A child with coarse facial features and developmental delay is found to have a deficiency of $\alpha$-L-iduronidase on enzyme testing. Which substances are expected to accumulate in this disorder?

• A. Dermatan sulfate + Chondroitin sulfate
• B. Only Dermatan sulfate
• C. Dermatan sulfate + Heparan sulfate
• D. Heparan sulfate + Chondroitin sulfate

Hint:

Hurler syndrome = $\alpha$-L-iduronidase deficiency = accumulation of dermatan sulfate and heparan sulfate.

Answer 1

The Correct Option is C

Concept: Deficiency of $\alpha$-L-iduronidase causes Hurler syndrome, a mucopolysaccharidosis. In this condition, dermatan sulfate and heparan sulfate accumulate.

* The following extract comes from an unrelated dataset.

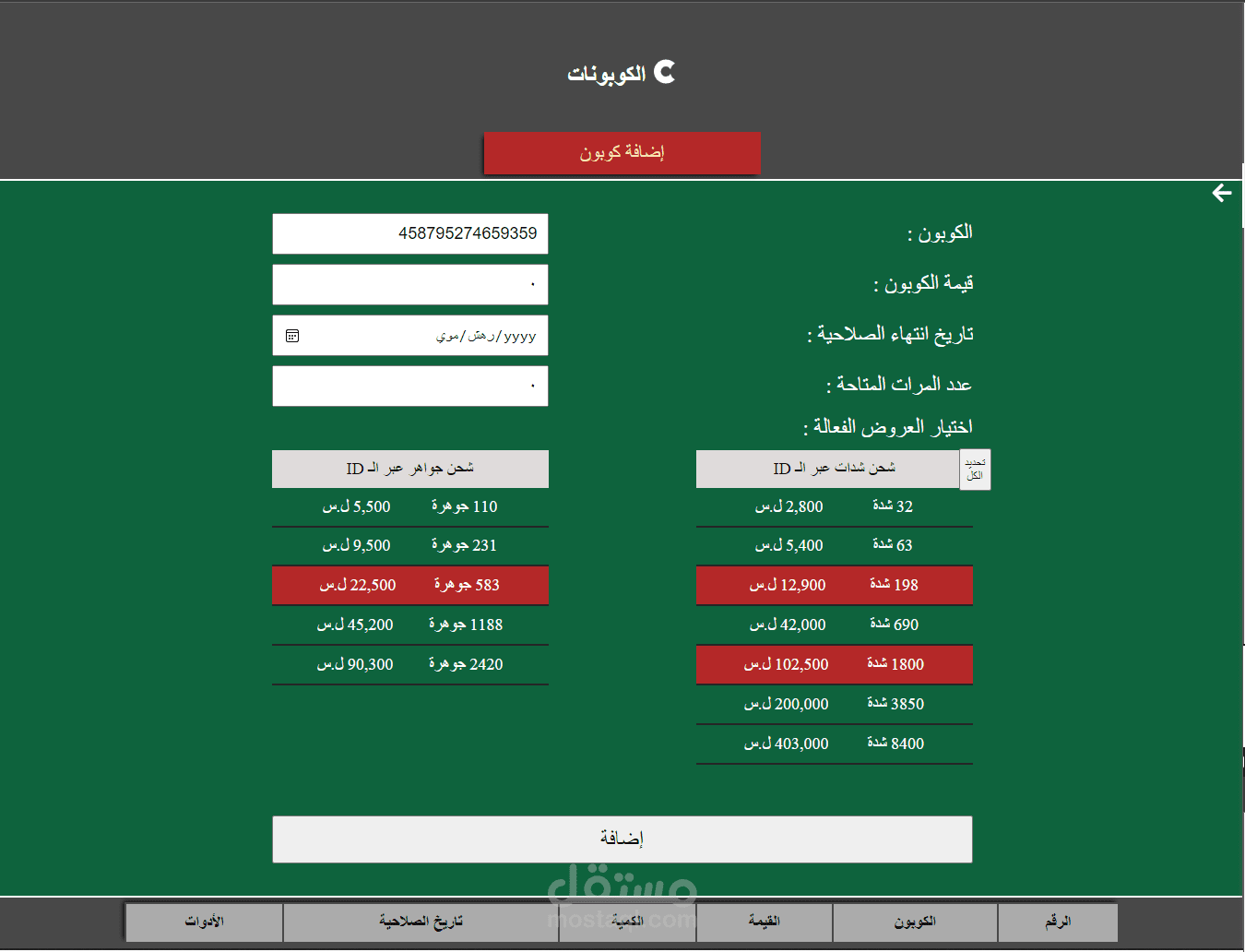 إضافة وتعديل البطاقات والأقسام

Step 1: Identify the enzyme deficiency.
The enzyme deficient is: \[ \alpha\text{-L-iduronidase} \] This is seen in Hurler syndrome.

Step 2: Identify the disease group.
Hurler syndrome belongs to mucopolysaccharidoses, where glycosaminoglycans accumulate.

Step 3: Recall the accumulated substances.
The substances accumulated are: \[ \text{Dermatan sulfate + Heparan sulfate} \] Therefore, the correct answer is Dermatan sulfate + Heparan sulfate.